[Entries taken from a collection]
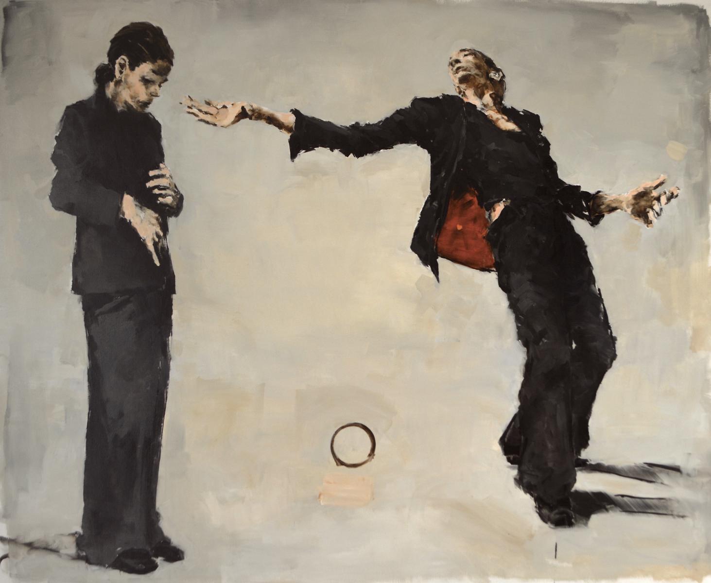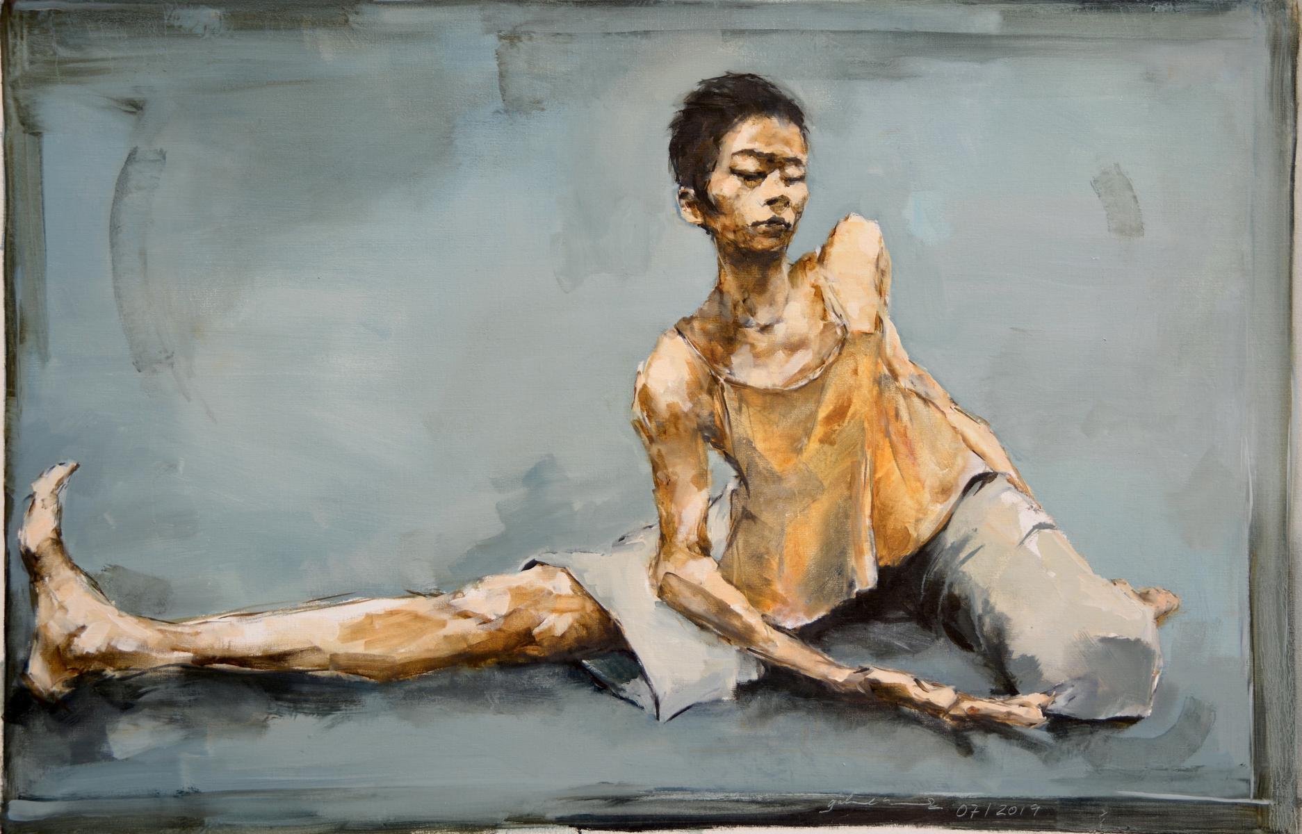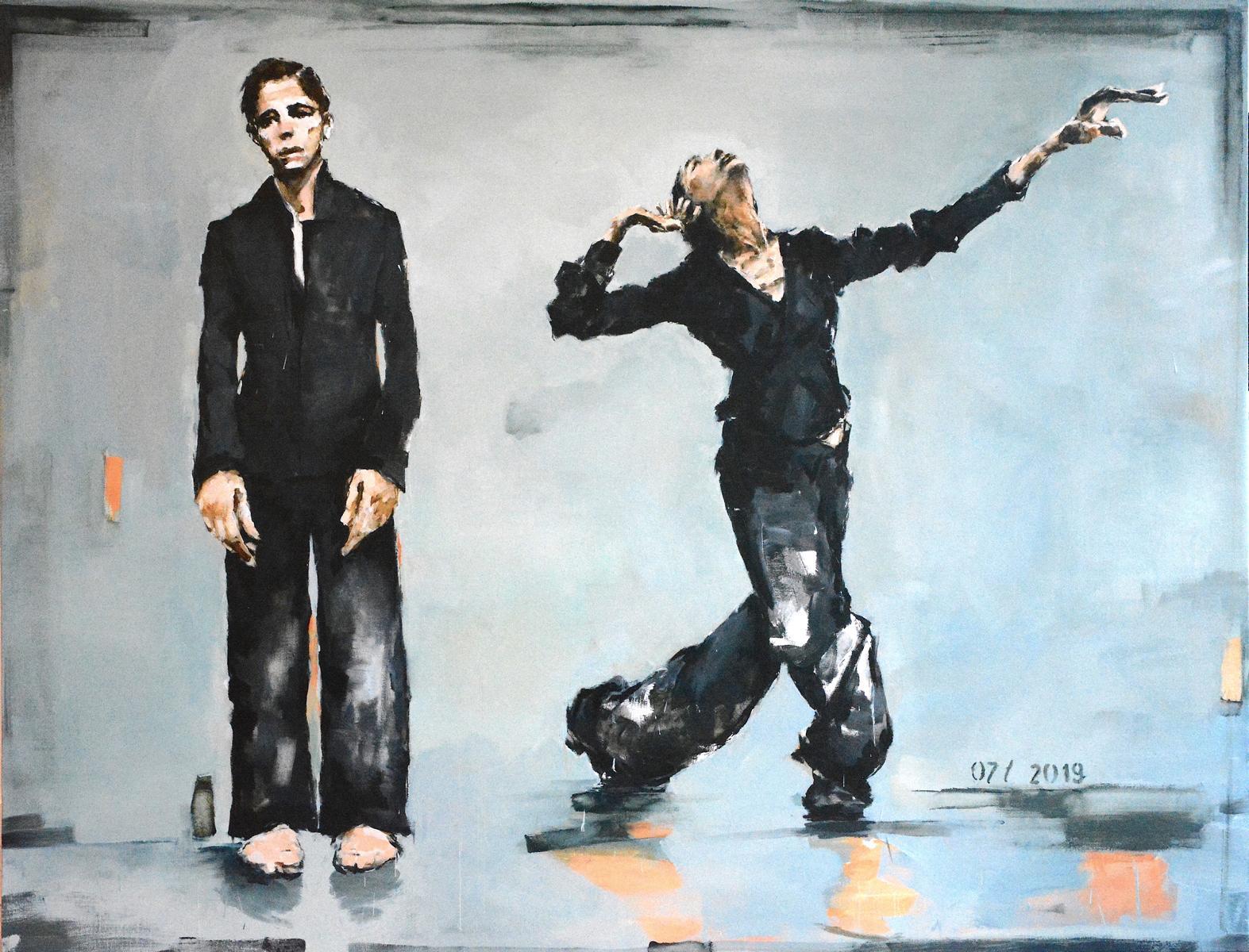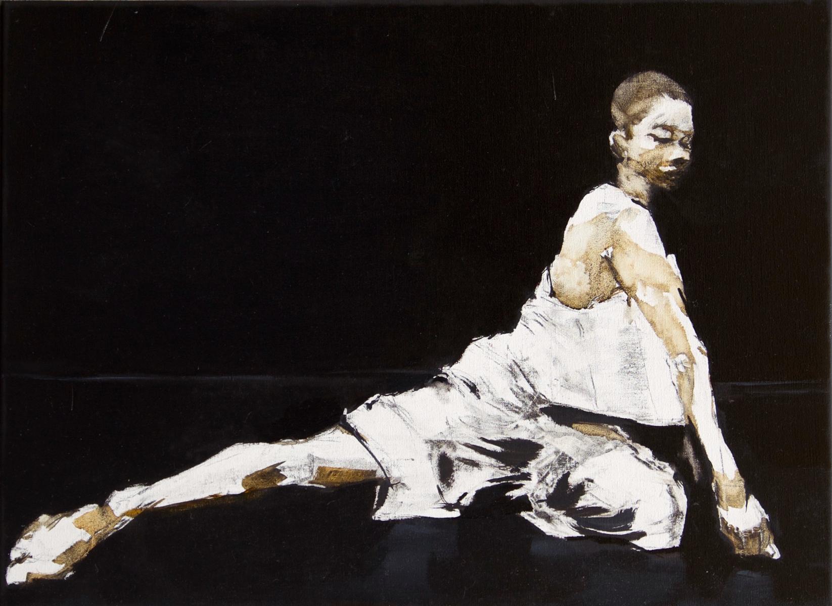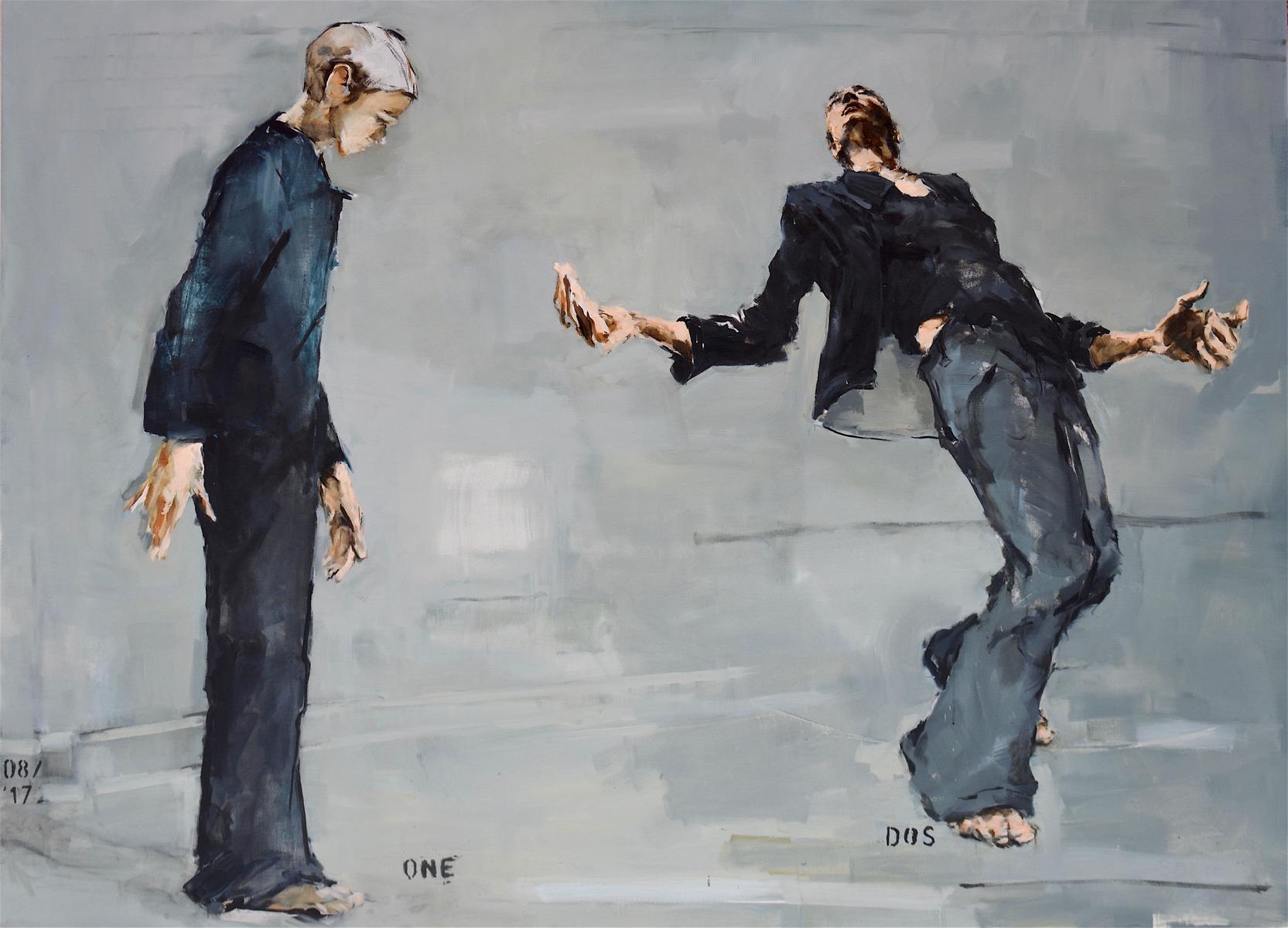 No obstant això, hi ha terreny en comú. La tela defineix un espai semblant a un escenari pel qual es mou el pinzell. Ritme i equilibri són igual de crucials en una composició que en una coreografia. El temps també està present, s'acumula en lloc de desplegar-se. Temps múltiple, el meu temps quan pinto, el temps pel qual es mou la ballarina (tal com he dit m'inspira l'altre, l'oposat, i sí, pinto gairebé sempre dones, el seu llenguatge físic em fascina i em exigeix buscar un equivalent al seu art en el meu treball) i finalment el temps de qui miri el quadre, tres corrents confluint en un sol lloc i moment.
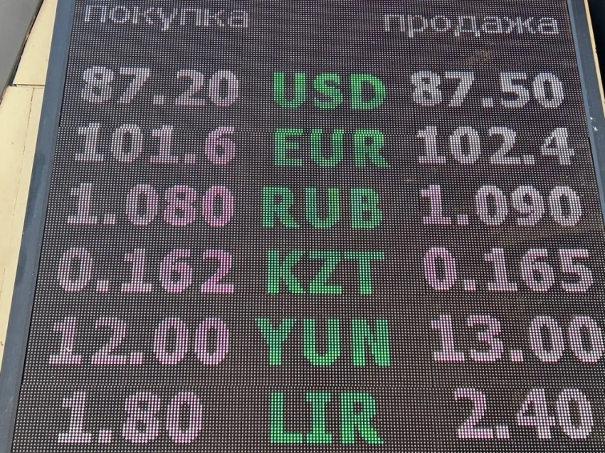 Доллар остался стабильным, его цена покупки составляет 87,2 сома, а продажи — 87,5.
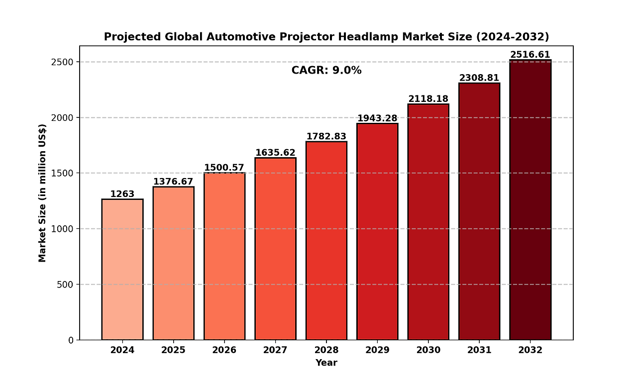 The global Automotive Projector Headlamp market size was estimated at USD 1263 million in 2024 and is projected to reach USD 2516.61 million by 2032, exhibiting a CAGR of 9.00% during the forecast period.
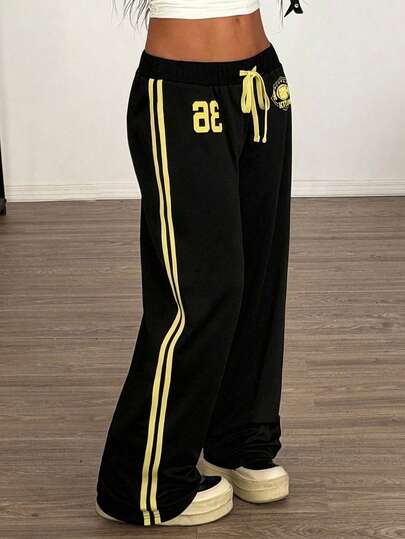 Muchica Black Knit Printed Casual Collegiate Style Pants,Summer Outfits For Women , Women's Joggers - Black - View 1
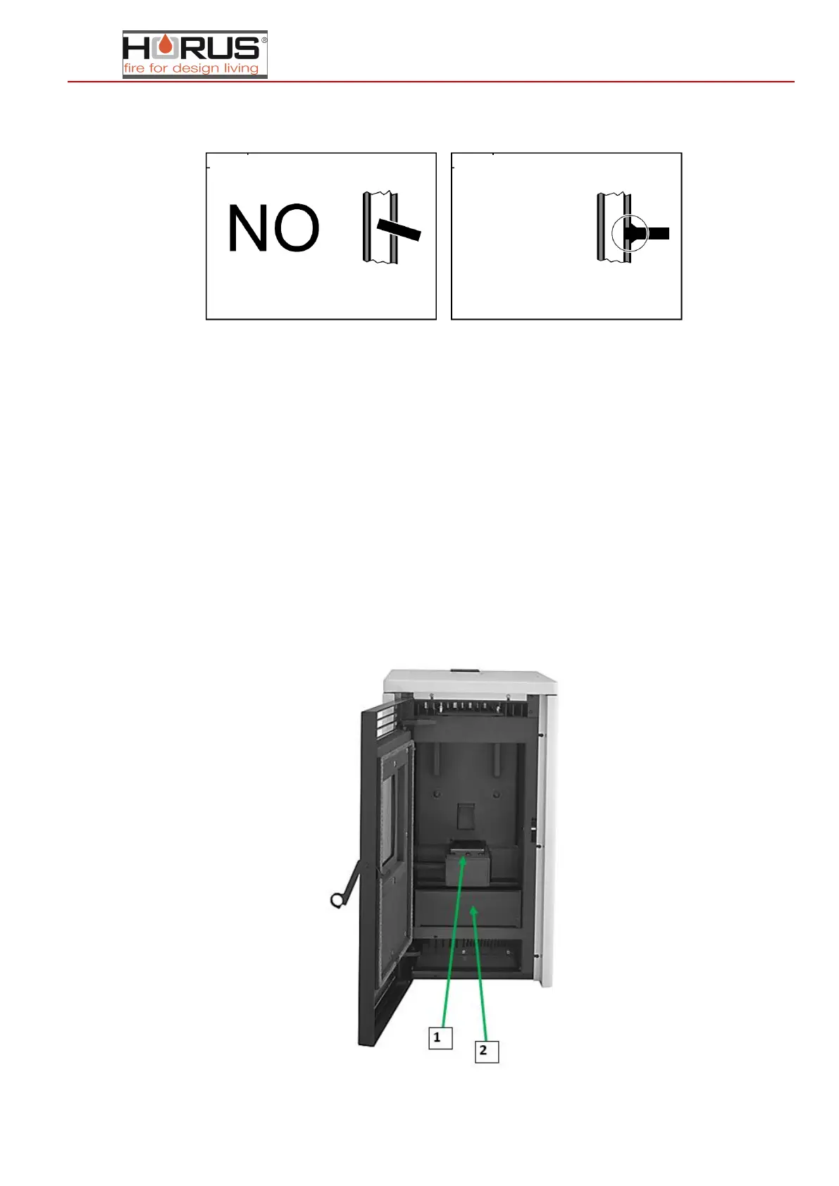 the hot parts in the device. In order to avoid the fire to go out, make sure that the level of pellets inside the tank remains constant. Make
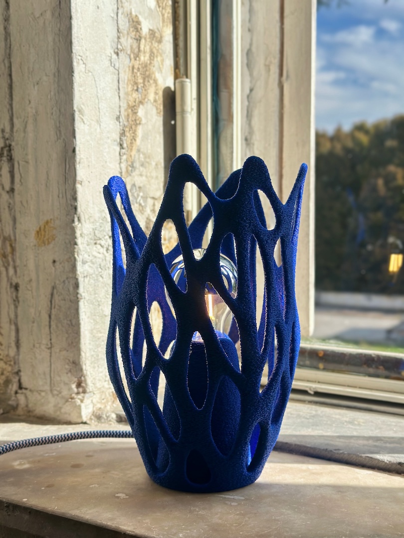 Presented in the Seminario section, Cornu Design introduces a young, independent voice guided by the dialogue between nature and technology. Founded by Beyza and Mustafa Nizamov, the studio translates organic movements produced in PLA through 3D printing in their work.
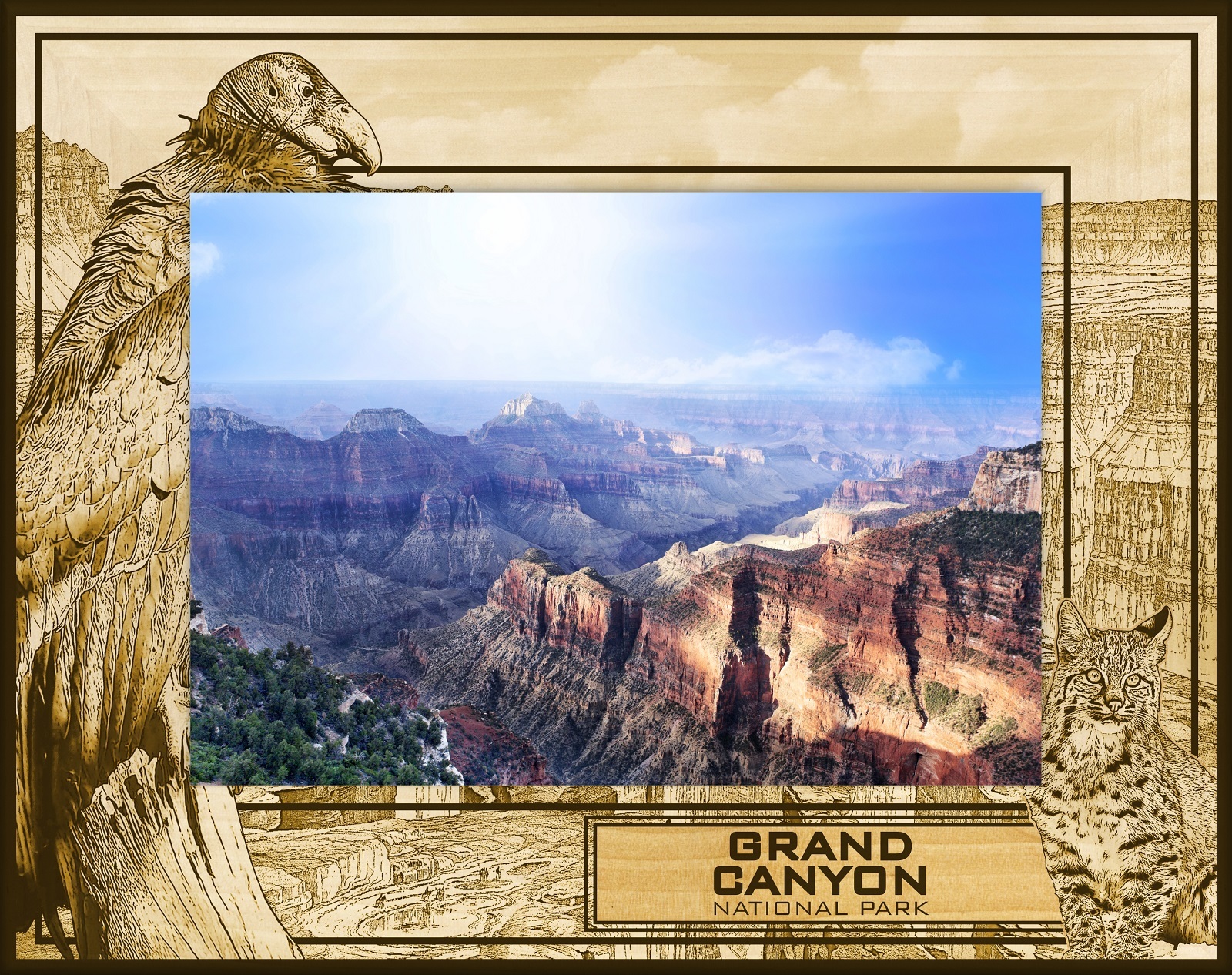 Grand Canyon National Park with Bobcat Laser Engraved Wood Picture Frame (5 x 7)

[Directions for this task] What is needed is an exact copy of each line from the top of the data above through the line containing "The global Automotive", with no pictures.

[Written solution]
 No obstant això, hi ha terreny en comú. La tela defineix un espai semblant a un escenari pel qual es mou el pinzell. Ritme i equilibri són igual de crucials en una composició que en una coreografia. El temps també està present, s'acumula en lloc de desplegar-se. Temps múltiple, el meu temps quan pinto, el temps pel qual es mou la ballarina (tal com he dit m'inspira l'altre, l'oposat, i sí, pinto gairebé sempre dones, el seu llenguatge físic em fascina i em exigeix buscar un equivalent al seu art en el meu treball) i finalment el temps de qui miri el quadre, tres corrents confluint en un sol lloc i moment.
 Доллар остался стабильным, его цена покупки составляет 87,2 сома, а продажи — 87,5.
 The global Automotive Projector Headlamp market size was estimated at USD 1263 million in 2024 and is projected to reach USD 2516.61 million by 2032, exhibiting a CAGR of 9.00% during the forecast period.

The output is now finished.